Eine Einheit im Grundlagentraining mit geringerer Intensität dauert länger als eine HIIT-Einheit. Im Leistungssport sagt man, eine Grundlageneinheit beginne bei einer Dauer von 90 Minuten. Für den Hobbyfahrer kann es in den paar Monaten des Winters auch weniger sein – eine allgemeingültige Dauer sei schwierig zu empfehlen, sagen Vogel und Müller, sie hängt vom individuellen Formstand ab. Da diese Einheiten auf der Rolle rasch langweilig werden können, empfehlen beide, im Winter auf andere Sportarten auszuweichen.
Die 80:20-Regel hilft Hobbysportlern bei der Planung
Wer nicht nach Herzfrequenz oder Wattwerten trainiert, kann auch die Foster-Skala beiziehen. Diese beruht auf der subjektiven Anstrengung, wobei die 1 «sehr locker» bedeutet und 10 «sehr hart». Eine Einheit im Grundlagenbereich wäre dann etwa eine 4.
Florian Vogel empfiehlt, sich an die 80:20-Regel zu halten, wobei 80 Prozent der Einheiten im lockeren Bereich absolviert werden und nur 20 Prozent intensiv sind. Von mehr als zwei harten Einheiten pro Woche rät er dem Hobbysportler ab. Sonst laufe dieser Gefahr, sich mental oder körperlich so zu erschöpfen, dass er bei den intensiven Einheiten gar nicht mehr ans Limit gehen könne.
Wie gross ist denn der Unterschied zwischen dem Rollentraining und dem Rennradfahren in der Natur? Wer sein Velo zu Hause in eine Rolle oder einen Smarttrainer einspannt, beansprucht ja die gleiche Muskulatur. Die Spinning-Velos in den Fitnesszentren weisen ein paar Unterschiede auf, etwa beim Q-Faktor, das ist der Abstand zwischen den Pedalen. Dieser ist auf Spinning-Velos grösser. Oft ist auch der Sattel breiter oder die Sitzposition aufrechter.
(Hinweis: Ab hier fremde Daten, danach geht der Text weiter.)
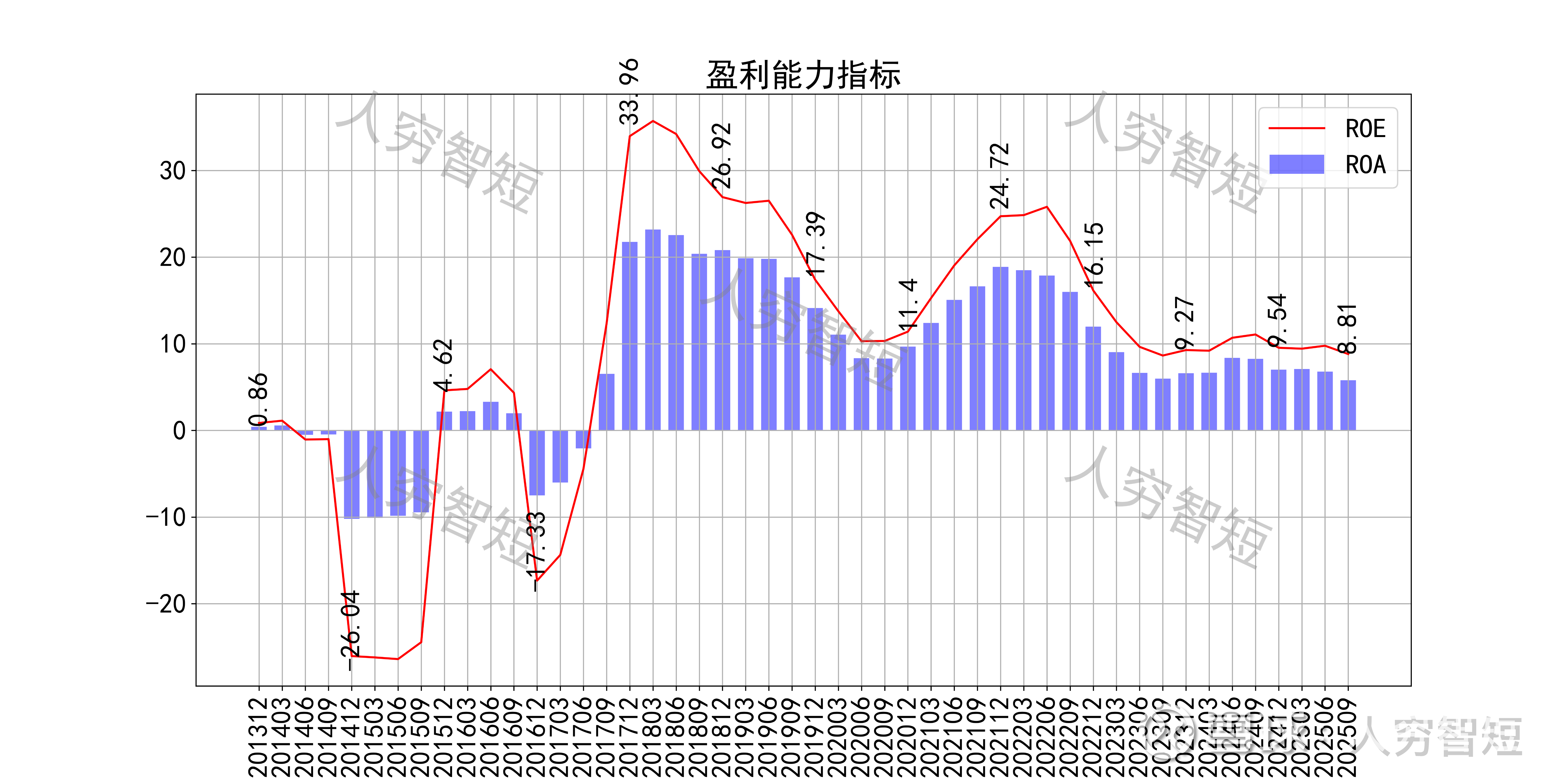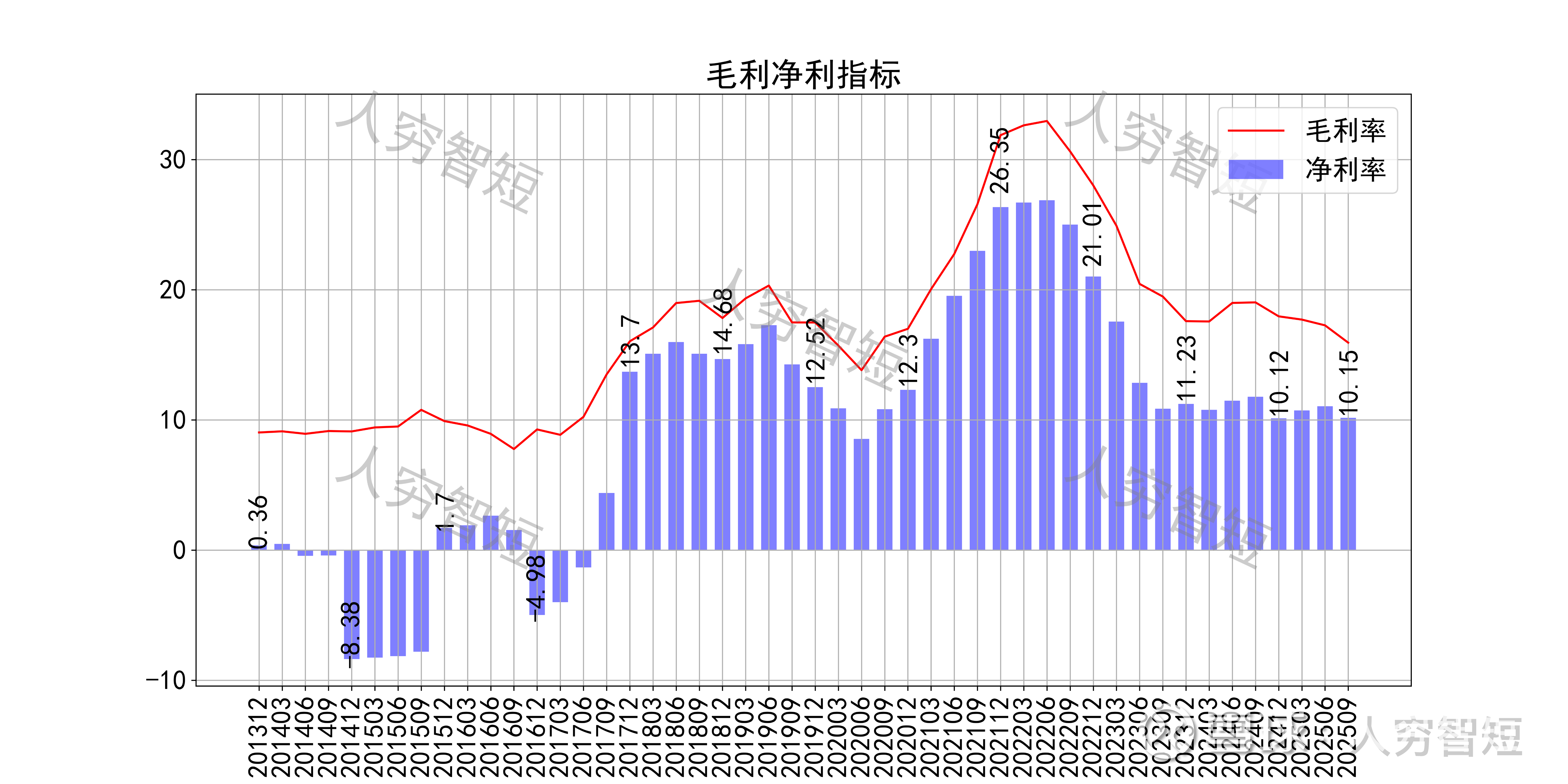 最近十年营收规模复合增长率约为1.00%,到25年9月末,TTM营业收入为78.63亿元,呈现周期性波动。成本费用端构成来看,营业成本占据主要地位,成本构成中原材料占比约80%,制造费用及动力费用有一定占比,约在8%-9%之间。整体毛利率大幅波动,近年来高位下滑至16%左右,净利率同步波动,近年来有所平稳处于历史中等水平。各项费用控制一般,销售费用、研发费用占比波动走高,带动整体成本费用占比维持一定水平。盈利指标ROE、ROA显示,盈利能力相对平稳,最新ROE在8.81%左右。

Für Florian Vogel sind diese Details vernachlässigbar, wenn es um Hobbysportler geht. Viel wichtiger findet er einen Aspekt, der oft vergessengeht: «Man braucht indoor so gut wie keine Fahrtechnik und vernachlässigt zum Beispiel das Gleichgewicht», sagt er. «Auch das vorausschauende Fahren, das rechtzeitige Bremsen oder korrekte Schalten sind monatelang kein Thema.» Das kann bei eher ungeübten Fahrern im Frühling zum Sicherheitsrisiko werden. Anfängern empfiehlt er deswegen, nicht ausschliesslich drinnen zu fahren.